Marla Barnard, a former human relations executive at Enron Broadband Services, reportedly testified that half of the affected employees took new jobs at Enron, while the remainder accepted a severance package.
Wade Cline, a 14-year veteran of Enron and the company’s current general counsel, testified about the $3 billion Dabhol power plant in western India. By the spring of 2001, Fastow had maintained that the project — in which Enron held a 65 percent stake — should be mothballed and written off, according to the Chronicle.
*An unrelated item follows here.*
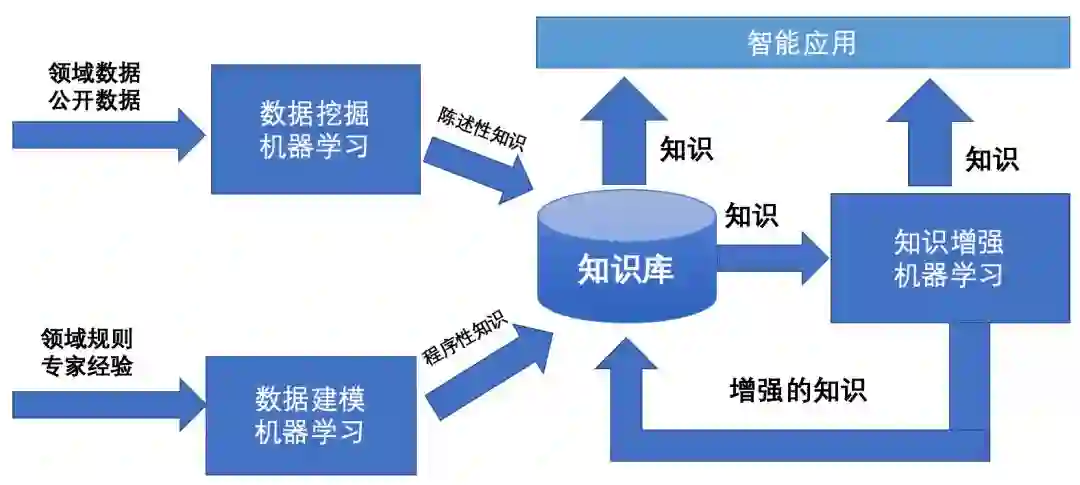 目前智能应用的需求越来越丰富,领域知识图谱为了支撑上层应用也需要更加智能,汇总更多的知识数据。知识图谱与数据挖掘的关系往往是相辅相成的。知识图谱不仅汇总经过治理的知识数据,还应该将产生的知识进一步应用到机器学习算法中,不断产生新的知识反哺知识库,就像大脑在不断学习的过程一样。下图展示了通过知识增强机器学习的过程来不断丰富知识图谱的内容,最终使应用更加智能。

The newspaper added that according to Cline, the facility was a viable entity, but on cross-examination he acknowledged that he did not take part in high-level discussions in Houston about the fate of the plant.
Long after Enron declared bankruptcy, the Chronicle observed, the company recouped a mere $20 million from the sale of the facility.
Mark Metts, former executive vice president of corporate development, maintained that under the aegis of a so-called Project Summer, Enron attempted to sell many international assets for a total of more than $7 billion, reported the Chronicle. Prosecutors have alleged that the LJM partnerships, controlled by former CFO Andrew Fastow, were a dumping ground for many of these assets, which otherwise would have dragged down Enron’s balance sheet.
Fastow reportedly testified that he knew of no such project, and Metts told jurors that indeed, the finance chief was kept out of the loop. Regarding the ultimate disposition of that $7 billion-plus of international assets, Metts added, “My belief is we got very close.”
All this is a prelude, of course, to the appearance on the witness stand of the defendants themselves; Skilling may testify in his own defense as early as Wednesday, according to the Associated Press.